What if we wanted to obtain a Top 10 table? We can do this using the head()
function:
centralities.sort_values(by='betweenness_centr', ascending=False).head(10)
ID | degree_centr | closeness_centr | betweenness_centr | eigenvector_centr | |
---|---|---|---|---|---|
10 | 10 | 0.217391 | 0.425926 | 0.239977 | 0.384541 |
11 | 11 | 0.173913 | 0.403509 | 0.226379 | 0.239538 |
8 | 8 | 0.173913 | 0.343284 | 0.138553 | 0.212955 |
12 | 12 | 0.130435 | 0.348485 | 0.131799 | 0.110723 |
16 | 16 | 0.173913 | 0.389831 | 0.124630 | 0.304680 |
15 | 15 | 0.173913 | 0.370968 | 0.122476 | 0.317121 |
20 | 20 | 0.173913 | 0.328571 | 0.113175 | 0.255652 |
4 | 4 | 0.130435 | 0.348485 | 0.100838 | 0.128455 |
18 | 18 | 0.130435 | 0.343284 | 0.097956 | 0.194776 |
6 | 6 | 0.130435 | 0.310811 | 0.097666 | 0.110150 |
But this is supposed to be a Betweenness Top 10 - can we get rid of the other columns?
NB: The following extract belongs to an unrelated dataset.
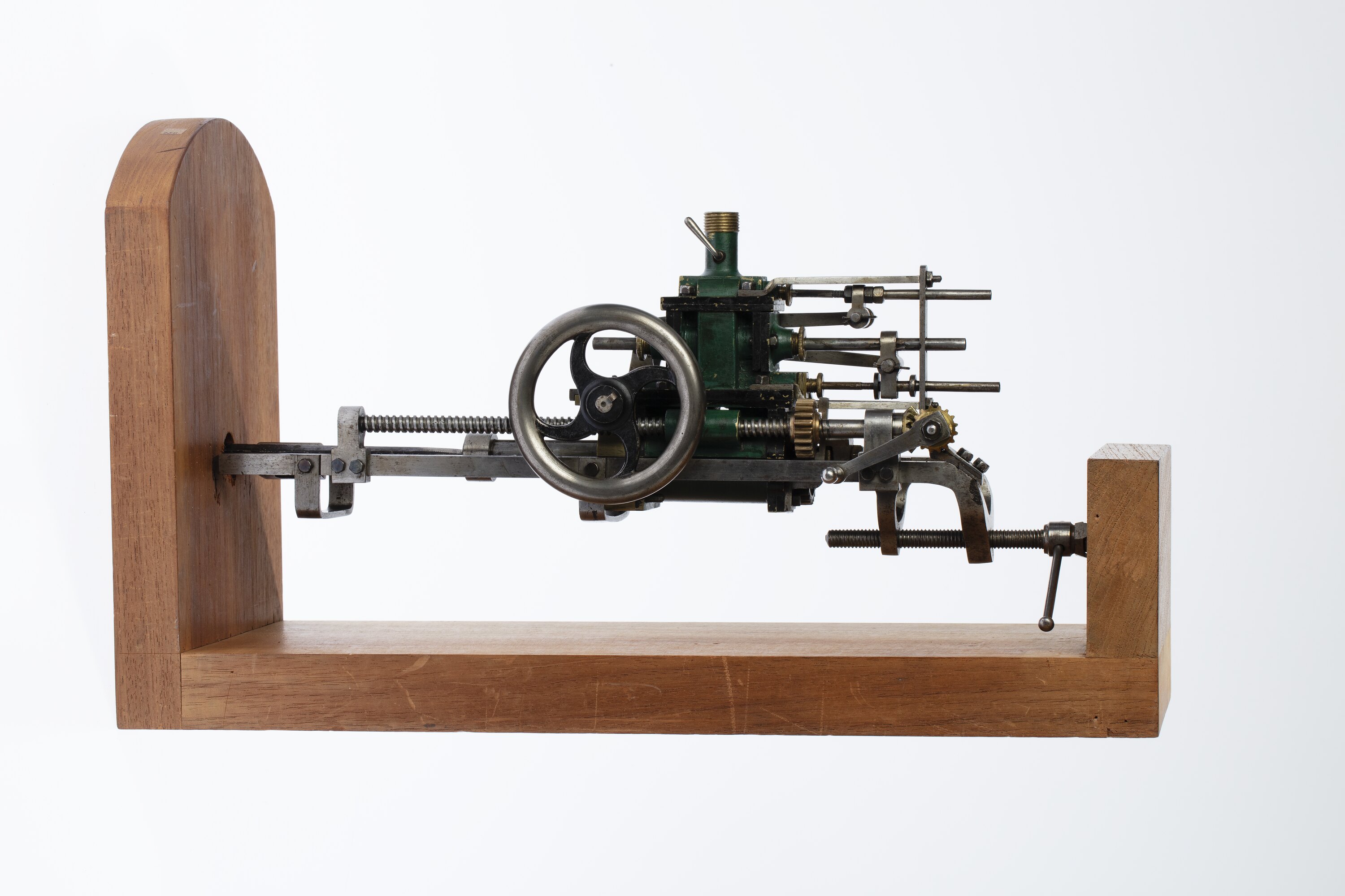 Model of a metal drill with working gears and pistons. The model has been bolted onto a wooden mount.

centralities.sort_values(by='betweenness_centr', ascending=False).head(10)[['ID','betweenness_centr']]
ID | betweenness_centr | |
---|---|---|
10 | 10 | 0.239977 |
11 | 11 | 0.226379 |
8 | 8 | 0.138553 |
12 | 12 | 0.131799 |
16 | 16 | 0.124630 |
15 | 15 | 0.122476 |
20 | 20 | 0.113175 |
4 | 4 | 0.100838 |
18 | 18 | 0.097956 |
6 | 6 | 0.097666 |
But the row numbers at the very left column look a bit off... Could we perhaps sort these in ascending order?
centralities.sort_values(by='betweenness_centr', ascending=False).head(10).reset_index()[['ID','betweenness_centr']]
ID | betweenness_centr | |
---|---|---|
0 | 10 | 0.239977 |
1 | 11 | 0.226379 |
2 | 8 | 0.138553 |
3 | 12 | 0.131799 |
4 | 16 | 0.124630 |
5 | 15 | 0.122476 |
6 | 20 | 0.113175 |
7 | 4 | 0.100838 |
8 | 18 | 0.097956 |
9 | 6 | 0.097666 |
We tinkered enough with the table for now. Now let's try to visualise the centralities.
We can do that easily by simply passing the values as a node_color. networkx
/matplotlib
will find a way to translate these into an actual color.
Let's see how the various centrality measures look like:
nx.draw(G, pos, with_labels = True, node_color = list(centralities['degree_centr']))
nx.draw(G, pos, with_labels = True, node_color = list(centralities['closeness_centr']))
nx.draw(G, pos, with_labels = True, node_color = list(centralities['betweenness_centr']))
nx.draw(G, pos, with_labels = True, node_color = list(centralities['eigenvector_centr']))
We can observe that there is quite a lot of similarity in the relative distribution of colors, but with some notable differences in the central nodes. That is to be expected, as each centrality measure has its own distinct definition (and purpose!).